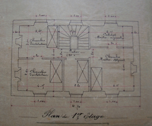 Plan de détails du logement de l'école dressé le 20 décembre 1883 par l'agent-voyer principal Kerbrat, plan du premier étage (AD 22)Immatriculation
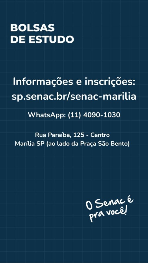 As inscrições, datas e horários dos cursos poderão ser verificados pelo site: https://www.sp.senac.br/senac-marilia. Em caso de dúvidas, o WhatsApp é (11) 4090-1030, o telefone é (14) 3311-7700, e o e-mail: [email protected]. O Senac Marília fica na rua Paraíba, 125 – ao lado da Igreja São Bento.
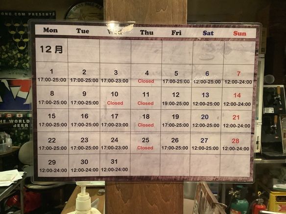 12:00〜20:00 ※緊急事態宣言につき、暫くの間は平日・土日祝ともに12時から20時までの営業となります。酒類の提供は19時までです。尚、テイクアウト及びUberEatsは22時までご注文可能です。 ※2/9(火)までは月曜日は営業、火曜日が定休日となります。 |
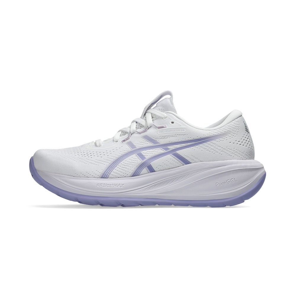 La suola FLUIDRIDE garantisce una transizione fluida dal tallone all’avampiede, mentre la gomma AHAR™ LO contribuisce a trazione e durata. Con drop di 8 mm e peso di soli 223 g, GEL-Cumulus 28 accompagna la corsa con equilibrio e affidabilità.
##############################
* [WHAT TO PRODUCE]
Without including any picture, repeat the data exactly.

* [TASK SOLUTION]
 Plan de détails du logement de l'école dressé le 20 décembre 1883 par l'agent-voyer principal Kerbrat, plan du premier étage (AD 22)Immatriculation
 As inscrições, datas e horários dos cursos poderão ser verificados pelo site: https://www.sp.senac.br/senac-marilia. Em caso de dúvidas, o WhatsApp é (11) 4090-1030, o telefone é (14) 3311-7700, e o e-mail: [email protected]. O Senac Marília fica na rua Paraíba, 125 – ao lado da Igreja São Bento.
 12:00〜20:00 ※緊急事態宣言につき、暫くの間は平日・土日祝ともに12時から20時までの営業となります。酒類の提供は19時までです。尚、テイクアウト及びUberEatsは22時までご注文可能です。 ※2/9(火)までは月曜日は営業、火曜日が定休日となります。 |
 La suola FLUIDRIDE garantisce una transizione fluida dal tallone all’avampiede, mentre la gomma AHAR™ LO contribuisce a trazione e durata. Con drop di 8 mm e peso di soli 223 g, GEL-Cumulus 28 accompagna la corsa con equilibrio e affidabilità.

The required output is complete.